Wild Hare
The strange and familiar tones of my cellular phone seep through my ears and into my brain. I am no longer asleep. I wasn't really asleep before, but I wasn't really awake either. I reach out and pick up the black plastic object on my nightstand. It is emitting not only that irritatingly catchy little melody that is always stuck in my head, but also light- flashing, multicolored, first red, then blue, purple, back to red. I open it up, press the little green "TALK" button and put it to my ear. "Mornin'" I hear myself say. And then that voice is there, that voice which I love like none other. I am happy to be awake.
I am downstairs in the kitchen. Another familiar sound floods my ears; its character is sharply juxtaposed to that of the tonal melody that began my morning, but certain parts of it remind me of the voice. It is natural, calm, soothing, steady, even, alive. It is on the roof, against the windows, everywhere around. It envelops me and I feel safe. I look outside the windows and even though my ears have already determined it, confirm that yes, it is raining.
I decide to bake bread. There is a zucchini in the refrigerator, emerald green, rotund and beautiful, purchased from the Farmer's Market on Saturday morning. I wash it, the cool water refreshing as it glides over the squash and across the back of my hands, and then I am working, grating the zucchini into a glass bowl on the counter. I decide to chop some apples, add a banana, toast walnuts to fold into the batter that slowly comes to life. Now I laugh. It does not "come to life." Ah, the never ending melodrama of me. But, I protest, even as I laugh at myself, it does come into existence; it is created. I do not follow recipes; I cook by feel, on a whim. There is this very simple, but very real satisfaction in it...starting with this, with that, with what you have and working, peeling, chopping, toasting, stirring, sprinkling- tasting!- evaluating, considering, sprinkling and stirring again and on and on until you have, lo and behold, created something, created sustenance nonetheless!, and it is good.

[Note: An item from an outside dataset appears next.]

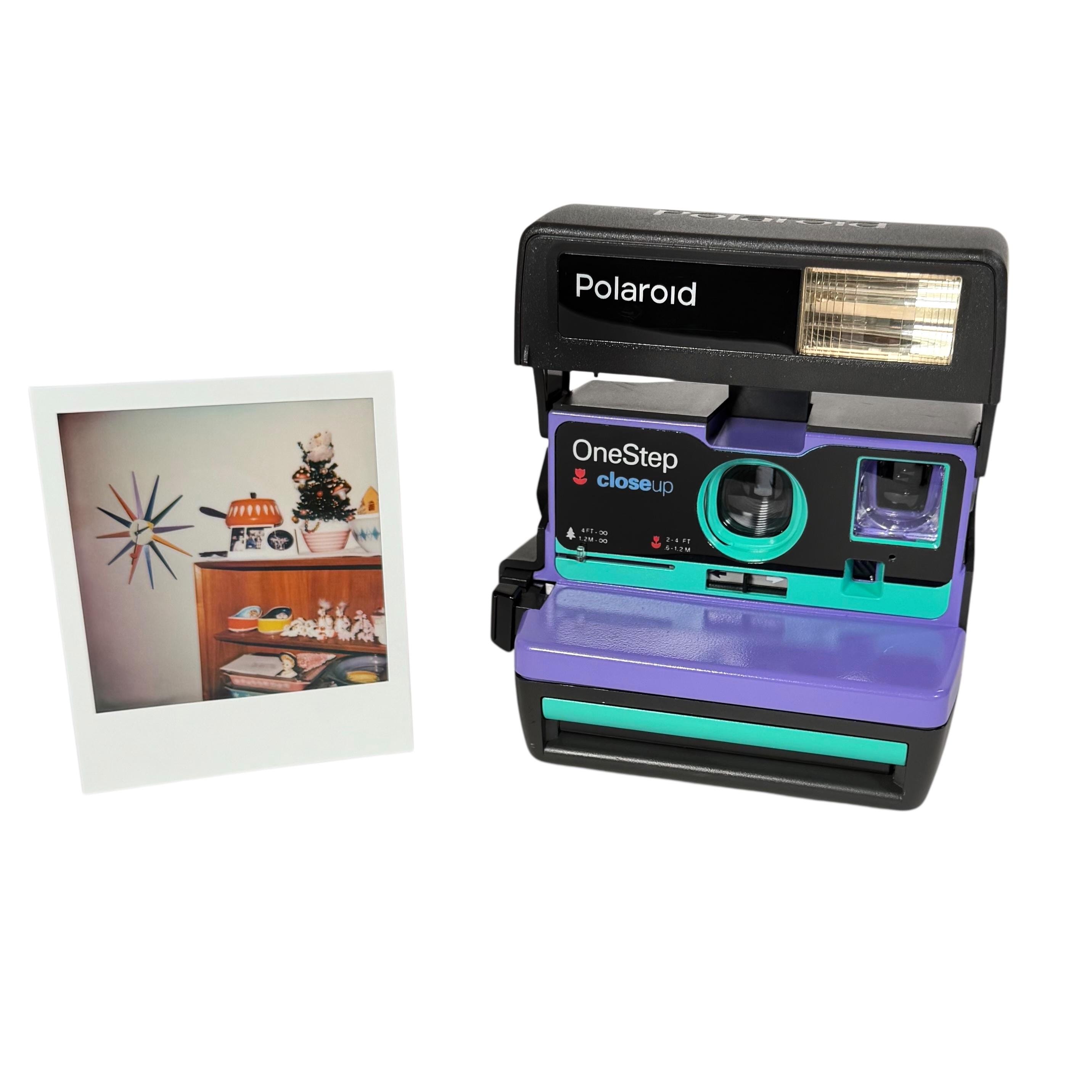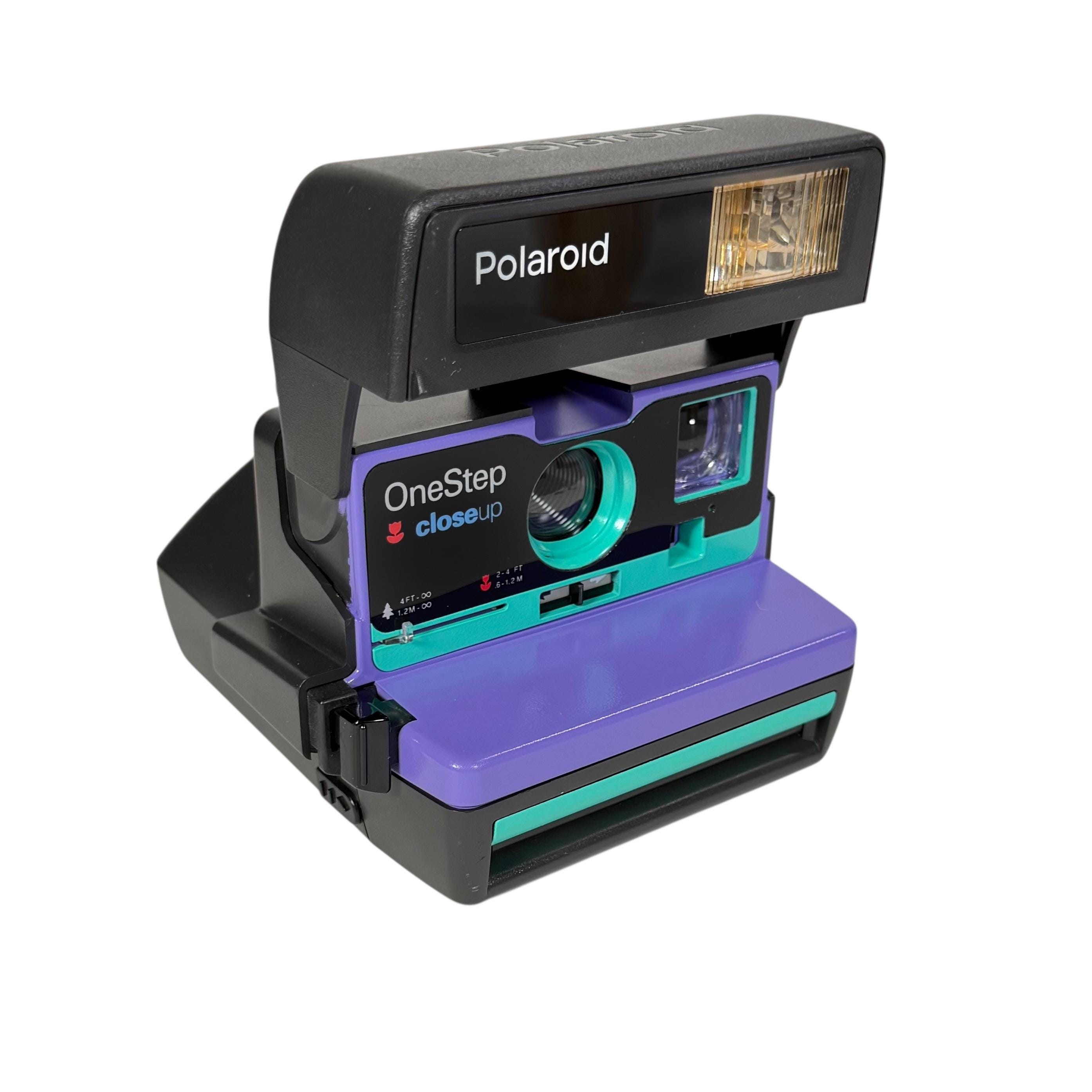 This is a vintage Polaroid 600 OneStep. Opening the camera reveals the lens, flash, close-up lens and light/dark adjustment slider. I replaced worn parts as needed, cleaned the lenses and viewfinder, cleared out the internal workings of the vintage dust, cleaned the rollers, and then updated the face of the camera with Purple and Retro Green.

It occurs to me that the telltale sound has ceased and I realize rain is no longer falling. The bread is baking and I am supposed to leave home in forty minutes to get my hair cut, but there is time. I pull on my favorite shorts, sports bra, and twist my hair off of my face and into a braid. And then I am moving. My socks and shoes are at home, indoors, and my feet and I have left them; my feet and I are here, gloriously outdoors. I am running. The earth is soft and forgiving, but strong and vital too, full of the life that the rain will eventually enable us to see. There is a hill, muddy and steep, and without the traction Asics has worked hard to deliver in the form of my Kayanos, I am slipping. It is frightening and wonderful. I bound downhill, picking up speed, my arms are out for balance and my eyes dart ahead, methodically scanning to find sticks and stones in advance of my feet. I am flying, free, and it occurs to me that in this moment, I hardly feel human. I can only say that I am indescribably aware that I am alive. Then I am at the bottom. I have made it, and the trail goes on, reestablishing itself as a dignified means of getting from one place to another, and I go on too.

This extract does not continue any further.